──────── Material provided ────────

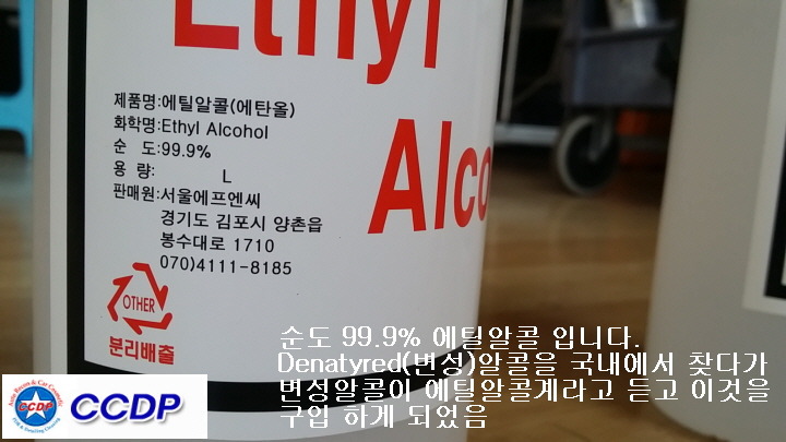 어제(2014년 10월20일)에 미국 PDR 기술자들이 글루 제거용으로 사용하는 "Denatured Alcohol (변성 알콜)"를 한국에 구해 보려고 웹서핑 하면서 어떤 알콜회사에 연락을 할 수 있었고, 변성 알콜이 한국에서는 에틸 알콜로 표현 한다는 말을 듣고, 순도 99% 에틸 알콜을 찾게 되었습니다.
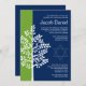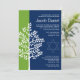 Modern green and navy blue Tree of Life Bar Mitzvah invitations. Easily personalise for your event.
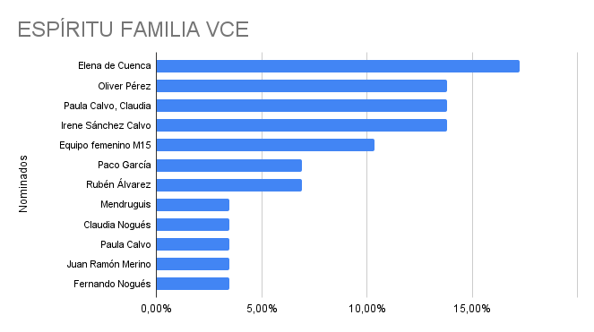 El premio al Espíritu Familia VCE es un reconocimiento a aquellos que encarnan los valores de nuestro club. Enhorabuena a Elena de Cuenca que ha logrado el premio más disputado. Un solo voto marcó la diferencia con Óliver Pérez, Irene Sánchez y el grupo conformado por Paula Calvo, Alba Fernández y Claudia Nogués.
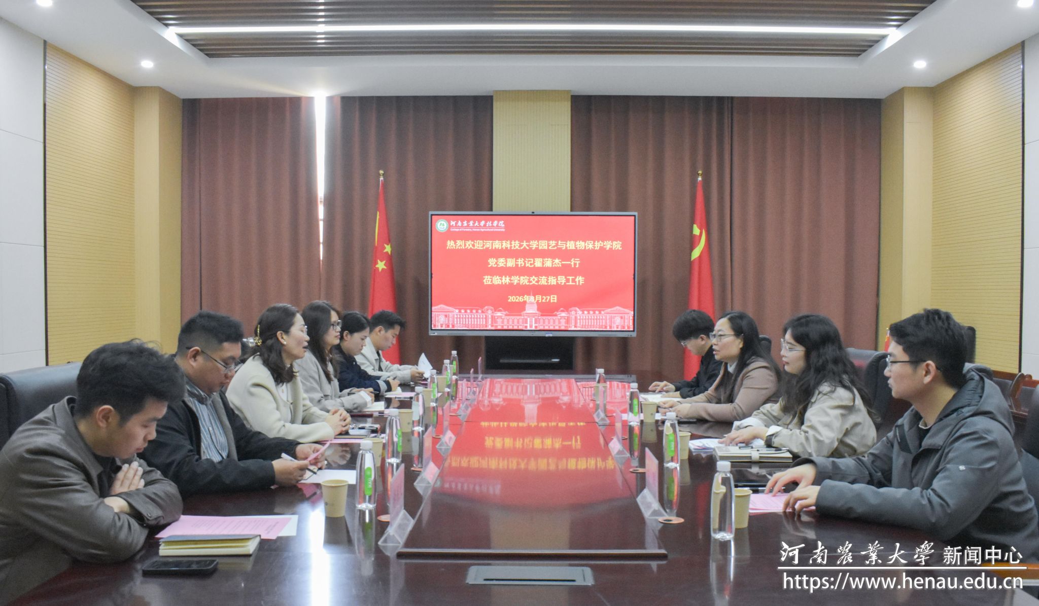 本网讯(通讯员 张琛)3月27日,河南科技大学园艺与植物保护学院党委副书记、纪委书记、工会主席翟蒲杰,就业办公室主任丁月华,研究生工作办公室主任于善武,本科生工作办公室副主任张晓芳、李燕光来校交流调研。林学院相关负责人参加座谈会。
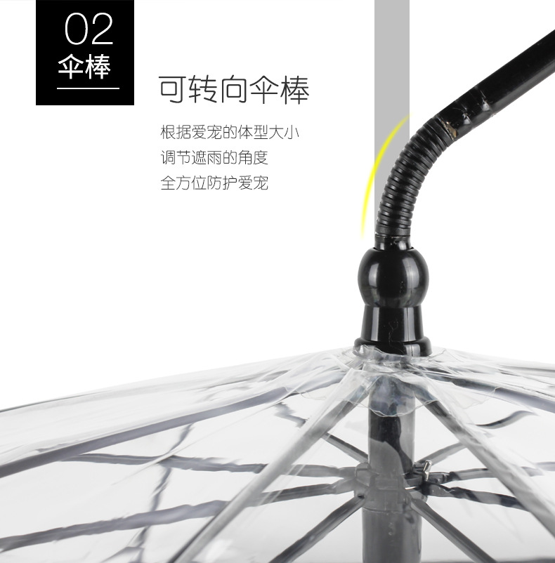 寵物雨傘解決了您在雨天無法帶著愛寵出門的煩惱!▸可轉向傘棒:可根據愛寵的體型大小調節遮雨的角度
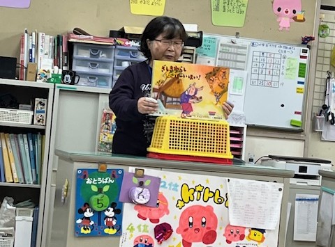 かぜが流行っていて、子どもたちの数は少なめだったが、「鬼は外」ならぬ「鬼も内」?ドーナツの穴はどうしてできたの?ニワトリはなぜ朝に鳴くの?クジラはなぜ潮を吹くの?といった子どもたちの好奇心をかき立てる紙芝居を行ったところ、子どのたちは真剣に興味津々の眼で観てくれた。また、質問も織り交ぜたところ、皆が積極的に手を挙げて、思い思いに答えてくれたので、大いに交流できた。
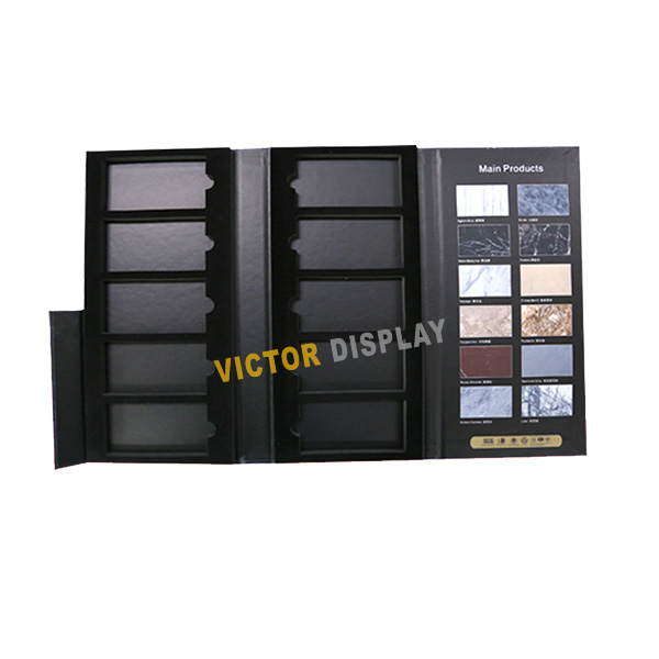 VICTOR DISPLAY’S production lines are designed to display the stone and tile samples in a small space . We manufacture Granite Sample Display Racks,table displays, tile display stands, mosaic display stand, paper sample books, plastic sample books, paper sample boxes, metal display boxes, MDF sample boards, paper sample boards, pvc sample boards according to your sample size and thickness, display as many samples as you need. what we offer is perfect for the show or distributor’s showroom. They have strong flexibility when displaying different kinds of products at different size. It is also easy to move samples. Take out samples or boards when showing or presentation details to customers.
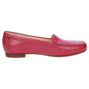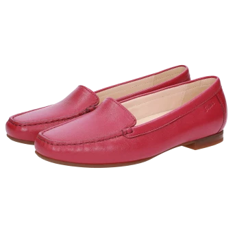 Le célèbre loafer pour femme, cousu à la main selon la méthode caractéristique du mocassin, en chaussant de largeur F. Ce modèle à l’allure décontractée est fabriqué en cuir nappa d’agneau fin avec une doublure en cuir. La semelle intérieure amovible rembourrée et la semelle extérieure légère en caoutchouc, idéale en été, contribuent encore à son confort. La chaussure favorite de beaucoup de nos clientes !
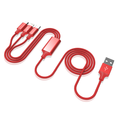 乐默LOOMOO编织绳一拖三数据线 LCB-109 红色
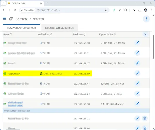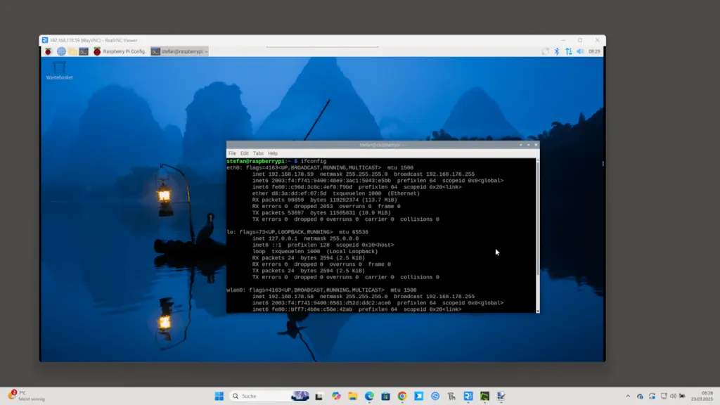 In meinem Fall habe ich den Raspberry Pi über ein LAN-Kabel direkt mit dem Router verbunden, was eine deutlich stabilere und schnellere Verbindung ermöglicht als über WLAN. Gerade bei der Fernsteuerung mit VNC sorgt das für ein flüssigeres Nutzererlebnis ohne Verzögerungen oder Verbindungsabbrüche.
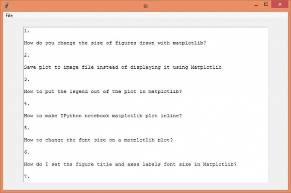 執行以上程式碼將顯示一個功能齊全的 tkinter 應用程式。它具有開啟檔案、清除檔案和退出以終止應用程式的功能。
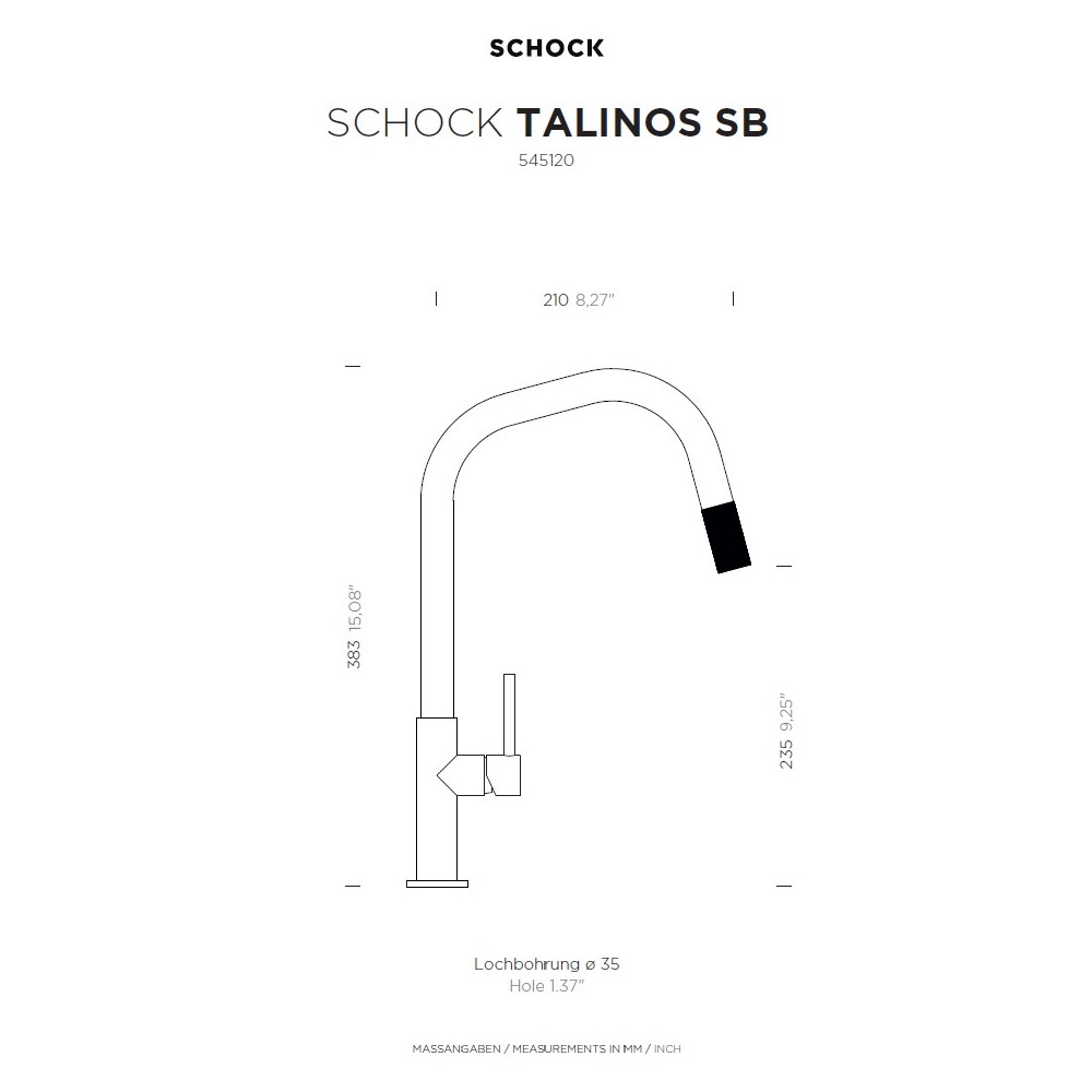 Kuhinjska armatura SCHOCK Talinos 545120 je najnovejša armatura v Schockovi ponudbi z najnovejšim patentiranim sistemom nameščanja, s pomočjo katerega boste vašo armaturo lahko namestili v manj kot minuti.
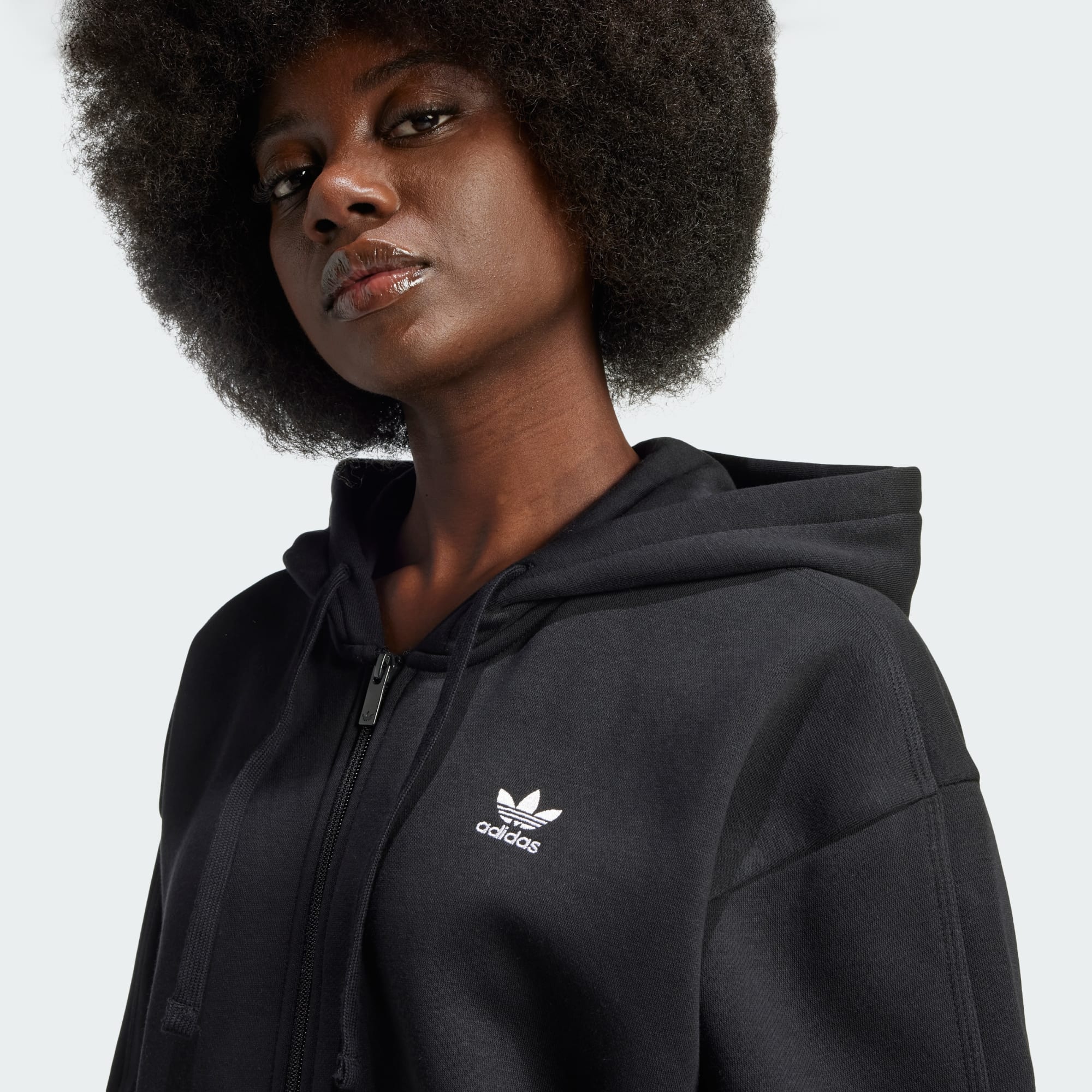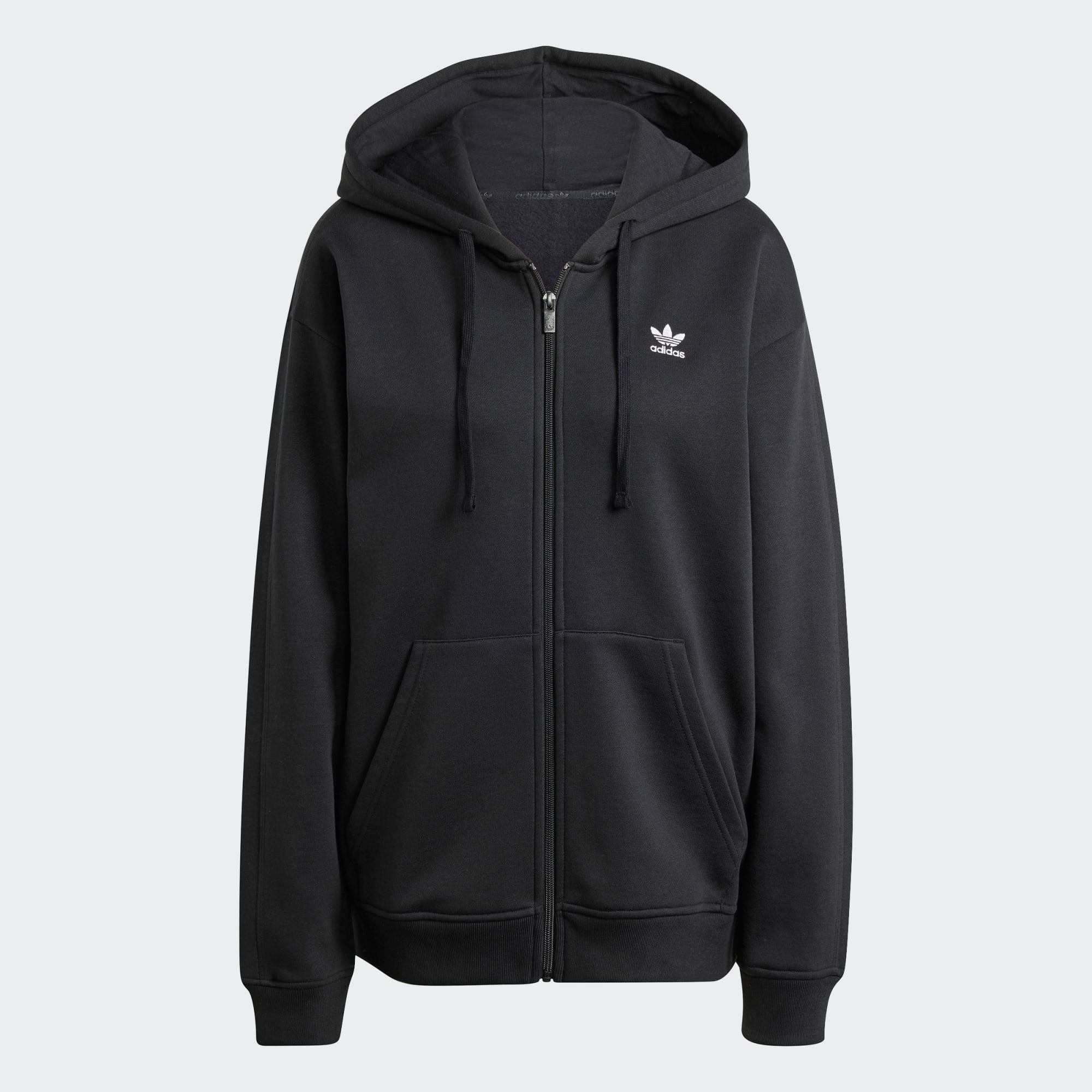 Wikkel jezelf in zachtheid en warmte. Deze adidas Essentials hoodie levert beide. Hij is gemaakt van fleece en heeft ribbels op de boorden en zoom om de kou op afstand te houden. Het losvallende silhouet creëert een relaxte vibe, en de lange ritssluiting geeft je controle over de mate van bedekking.

────────

- Instructions for the task
Transcribe exactly, please, the lines between the start of the records above and the line holding "乐默LOOMOO编织绳一拖三数据线 LCB-109 红色", counting both of those lines and omitting pictures.

- Result for this exercise
 어제(2014년 10월20일)에 미국 PDR 기술자들이 글루 제거용으로 사용하는 "Denatured Alcohol (변성 알콜)"를 한국에 구해 보려고 웹서핑 하면서 어떤 알콜회사에 연락을 할 수 있었고, 변성 알콜이 한국에서는 에틸 알콜로 표현 한다는 말을 듣고, 순도 99% 에틸 알콜을 찾게 되었습니다.
 Modern green and navy blue Tree of Life Bar Mitzvah invitations. Easily personalise for your event.
 El premio al Espíritu Familia VCE es un reconocimiento a aquellos que encarnan los valores de nuestro club. Enhorabuena a Elena de Cuenca que ha logrado el premio más disputado. Un solo voto marcó la diferencia con Óliver Pérez, Irene Sánchez y el grupo conformado por Paula Calvo, Alba Fernández y Claudia Nogués.
 本网讯(通讯员 张琛)3月27日,河南科技大学园艺与植物保护学院党委副书记、纪委书记、工会主席翟蒲杰,就业办公室主任丁月华,研究生工作办公室主任于善武,本科生工作办公室副主任张晓芳、李燕光来校交流调研。林学院相关负责人参加座谈会。
 寵物雨傘解決了您在雨天無法帶著愛寵出門的煩惱!▸可轉向傘棒:可根據愛寵的體型大小調節遮雨的角度
 かぜが流行っていて、子どもたちの数は少なめだったが、「鬼は外」ならぬ「鬼も内」?ドーナツの穴はどうしてできたの?ニワトリはなぜ朝に鳴くの?クジラはなぜ潮を吹くの?といった子どもたちの好奇心をかき立てる紙芝居を行ったところ、子どのたちは真剣に興味津々の眼で観てくれた。また、質問も織り交ぜたところ、皆が積極的に手を挙げて、思い思いに答えてくれたので、大いに交流できた。
 VICTOR DISPLAY’S production lines are designed to display the stone and tile samples in a small space . We manufacture Granite Sample Display Racks,table displays, tile display stands, mosaic display stand, paper sample books, plastic sample books, paper sample boxes, metal display boxes, MDF sample boards, paper sample boards, pvc sample boards according to your sample size and thickness, display as many samples as you need. what we offer is perfect for the show or distributor’s showroom. They have strong flexibility when displaying different kinds of products at different size. It is also easy to move samples. Take out samples or boards when showing or presentation details to customers.
 Le célèbre loafer pour femme, cousu à la main selon la méthode caractéristique du mocassin, en chaussant de largeur F. Ce modèle à l’allure décontractée est fabriqué en cuir nappa d’agneau fin avec une doublure en cuir. La semelle intérieure amovible rembourrée et la semelle extérieure légère en caoutchouc, idéale en été, contribuent encore à son confort. La chaussure favorite de beaucoup de nos clientes !
 乐默LOOMOO编织绳一拖三数据线 LCB-109 红色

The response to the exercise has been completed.